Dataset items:

[Start of section]

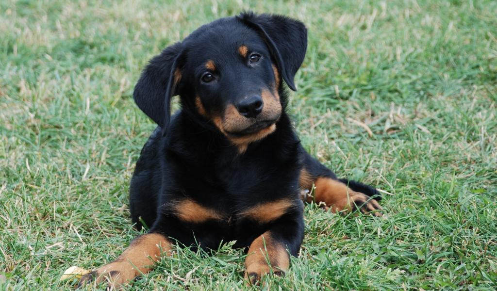 Wallpaper Beautiful Beauceron puppy lying on the lawn
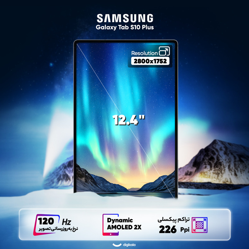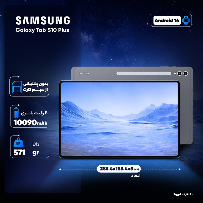 تبلت سامسونگ Galaxy Tab S10 Plus Wi‑Fi با نمایشگر ۱۲.۴ اینچی و طراحی ظریف، محصولی پیشرفته و مناسب برای کاربران حرفه‌ای و علاقه‌مندان به تجربه چندرسانه‌ای باکیفیت است. این دستگاه که در ۲۶ سپتامبر ۲۰۲۴ معرفی شد، بدنه‌ای فلزی با فریم و پشت آلومینیومی، و جلویی شیشه‌ای دارد که علاوه بر استحکام، حس لوکس و مدرن را القا می‌کند. ابعاد ۲۸۵.۴×۱۸۵.۴×۵ میلی‌متر و وزن ۵۷۱ گرم آن، حمل و استفاده روزمره را آسان می‌سازد.
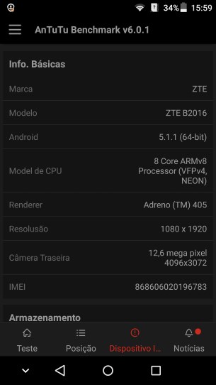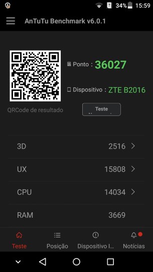 Mais uma vez para realizarmos os testes de Benchmark optámos por recorrer à nossa “fiel amiga” Antutu. O resultado obtido foi de 36027 , um resultado bastante bom e que não surpreende face aos componentes de hardware que servem de sustentação ao ZTE Axon Mini.
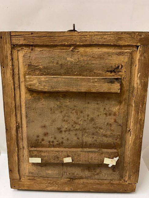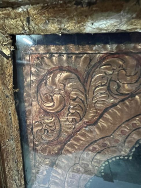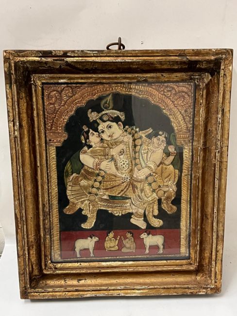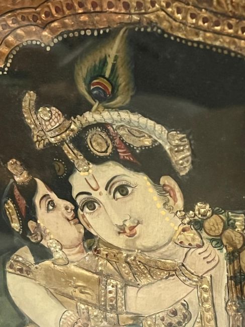 An Indian painted and relief panel depicting Krishna with attendants under an ornate arch,
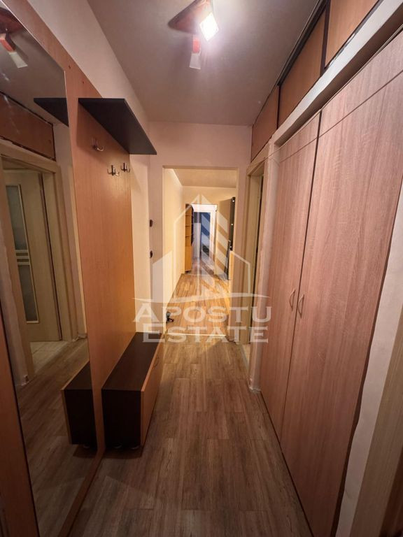 APOSTU ESTATE va propune spre inchiriere un apartament spatios si elegant, cu 3 camere, situat intr-o zona linistita si bine conectata din Timisoara, ideal pentru familii sau persoane care doresc un spatiu generos si confortabil. Suprafata utila: 50 mp Compartimentare eficienta: Hol de acces generos Bucatarie complet mobilata si utilata, Living luminos si spatios Dormitor matrimonial mobilat Camera secundara mobilata Baie principala cu cabina de dus si geam pentru ventilatie naturala Grup sanitar de serviciu Confort si facilitati: Centrala termica proprie pe gaz Aer conditionat Apartamentul este complet mobilat si utilat Localizare: Zona Cetatii – liniste, acces facil spre oras, in apropiere de magazine, scoli si mijloace de transport in comun. Ideal pentru: Familii Cupluri Profesionisti care lucreaza remote sau au nevoie de birou acasa Pret chirie: [400 euro] Programeaza o vizionare! ID intern: CP2798443
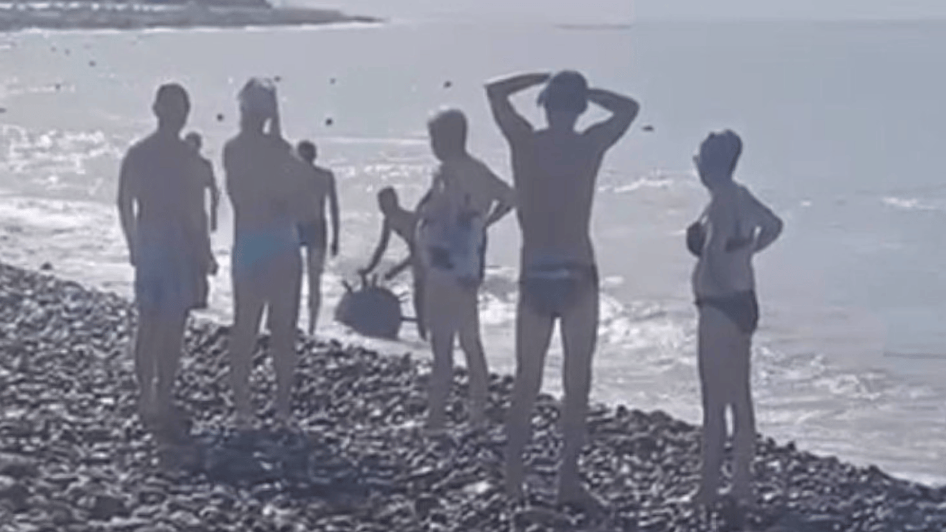На пляж у Сочі штормом викинуло морську міну. На відео відпочивальники, попри небезпеку, продовжували наближатися до предмета і викочували його на берег.
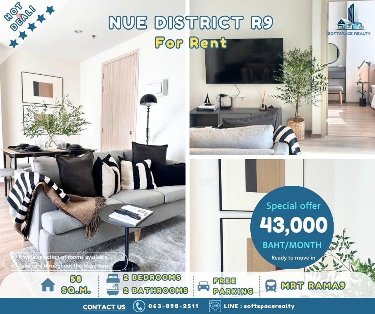 🏙️ NUE District R9 (For Rent) 🚈 MRT Rama 9 (3 mins walk) 🛏 2 Bedrooms 🛁 2 Bathrooms 📐 Size: 58 sq.m. 📍 Next to Central Rama 9, G Tower, Fortune Town ✨ Fully furnished + All electrical appliances included ✨ Free WiFi 💸 Rental Price: 43,000 THB/month • Minimum 1-year contract • 2-month deposit + 1-month advance rental • Ready to move in immediately 💁🏻‍♂️ Direct payment to the owner’s account, ownership verified before booking. 🩷 Full support throughout the rental period. 📹 Video call room tour available. 🌸 🌼 🌸 🌼 🌸 🌼 🌸 🌼 🌸 🌼 🌸 🏙️ ให้เช่า NUE District R9 🚈 MRT พระราม 9 (เดินเพียง 3 นาที) 🛏 2 ห้องนอน 🛁 2 ห้องน้ำ 📐 ขนาด 58 ตร.ม. 📍 ใกล้ Central Rama 9, G Tower, Fortune Town ✨ เฟอร์นิเจอร์ครบ + เครื่องใช้ไฟฟ้าครบ ✨ ฟรี WiFi 💸 ค่าเช่า: 43,000 บาท/เดือน • สัญญาขั้นต่ำ 1 ปี • มัดจำ 2 เดือน + ล่วงหน้า 1 เดือน • พร้อมเข้าอยู่ทันที 💁🏻‍♂️ จ่ายตรงเจ้าของห้อง ตรวจสอบกรรมสิทธิ์ก่อนจอง 🩷 ดูแลผู้เช่าและเจ้าของตลอดสัญญา 📹 มีบริการวิดีโอคอลชมห้องจริง 📞 ติดต่อ/Contact (SoftSpace AGENT) Tel: Contact number LINE OA: [https://lin.ee/6jjNHNQ] ID: @093kslhw | softspacerealty WhatsApp: Contact number WeChat: softspacerealty
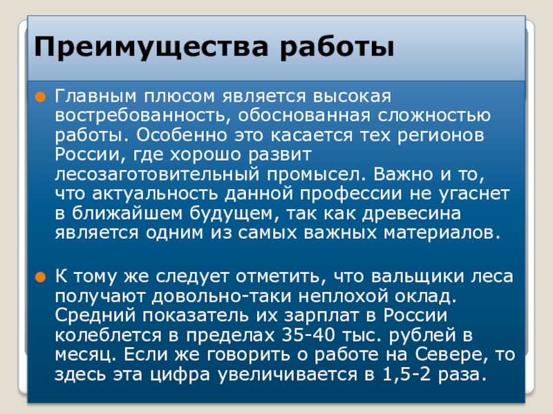 касается тех регионов России, где хорошо развит лесозаготовительный промысел. Важно и то, что актуальность данной профессии не угаснет в ближайшем будущем, так как древесина является одним из самых важных материалов.
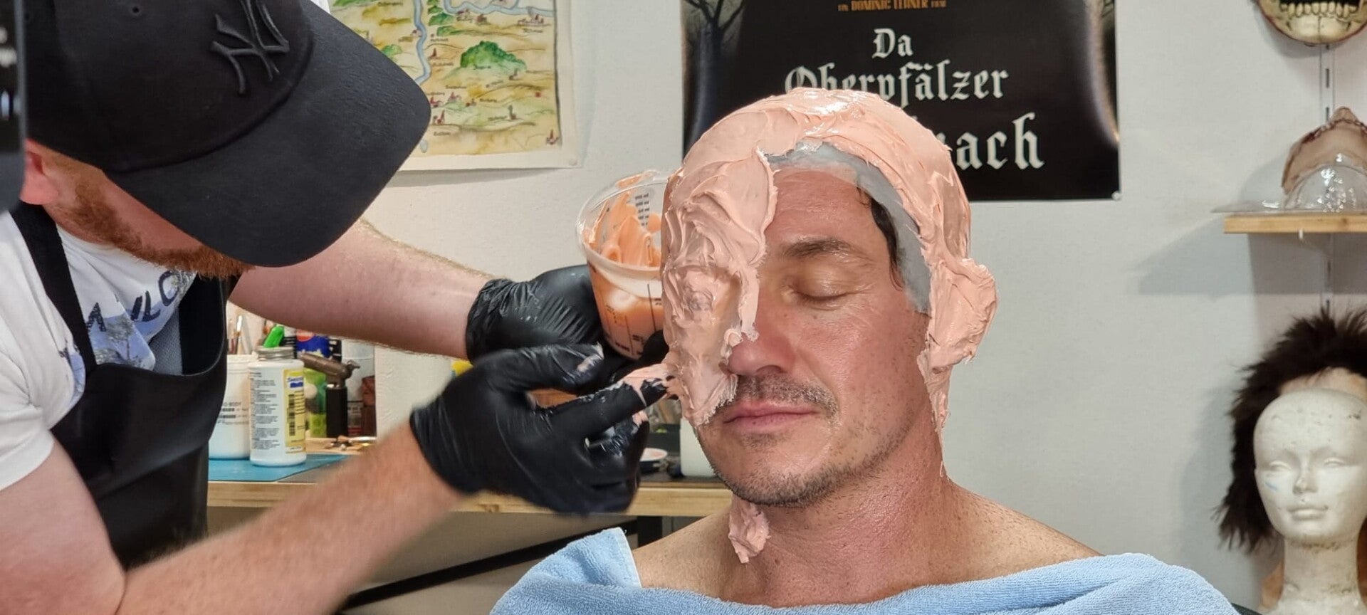 Ein Lifecast mit Silikon ist nichts für schwache Nerven, da man während des Aushärtens lange vollkommen still halten muss. Jede Bewegung kann das Ergebnis verfälschen. Für eine passgenaue und hochdetaillierte Prosthetics-Maske ist dieser Prozess jedoch unumgänglich, da nur so die exakte Anatomie und feinste Details realistisch erfasst werden können.

[End of section]

= Exercise =
When you reach the line containing "Mais uma vez" in the entries above, begin restating word for word, and stop once the line containing "На пляж у Сочі" has been given. Omit the pictures.

= Exercise solution =
 Mais uma vez para realizarmos os testes de Benchmark optámos por recorrer à nossa “fiel amiga” Antutu. O resultado obtido foi de 36027 , um resultado bastante bom e que não surpreende face aos componentes de hardware que servem de sustentação ao ZTE Axon Mini.
 An Indian painted and relief panel depicting Krishna with attendants under an ornate arch,
 APOSTU ESTATE va propune spre inchiriere un apartament spatios si elegant, cu 3 camere, situat intr-o zona linistita si bine conectata din Timisoara, ideal pentru familii sau persoane care doresc un spatiu generos si confortabil. Suprafata utila: 50 mp Compartimentare eficienta: Hol de acces generos Bucatarie complet mobilata si utilata, Living luminos si spatios Dormitor matrimonial mobilat Camera secundara mobilata Baie principala cu cabina de dus si geam pentru ventilatie naturala Grup sanitar de serviciu Confort si facilitati: Centrala termica proprie pe gaz Aer conditionat Apartamentul este complet mobilat si utilat Localizare: Zona Cetatii – liniste, acces facil spre oras, in apropiere de magazine, scoli si mijloace de transport in comun. Ideal pentru: Familii Cupluri Profesionisti care lucreaza remote sau au nevoie de birou acasa Pret chirie: [400 euro] Programeaza o vizionare! ID intern: CP2798443
На пляж у Сочі штормом викинуло морську міну. На відео відпочивальники, попри небезпеку, продовжували наближатися до предмета і викочували його на берег.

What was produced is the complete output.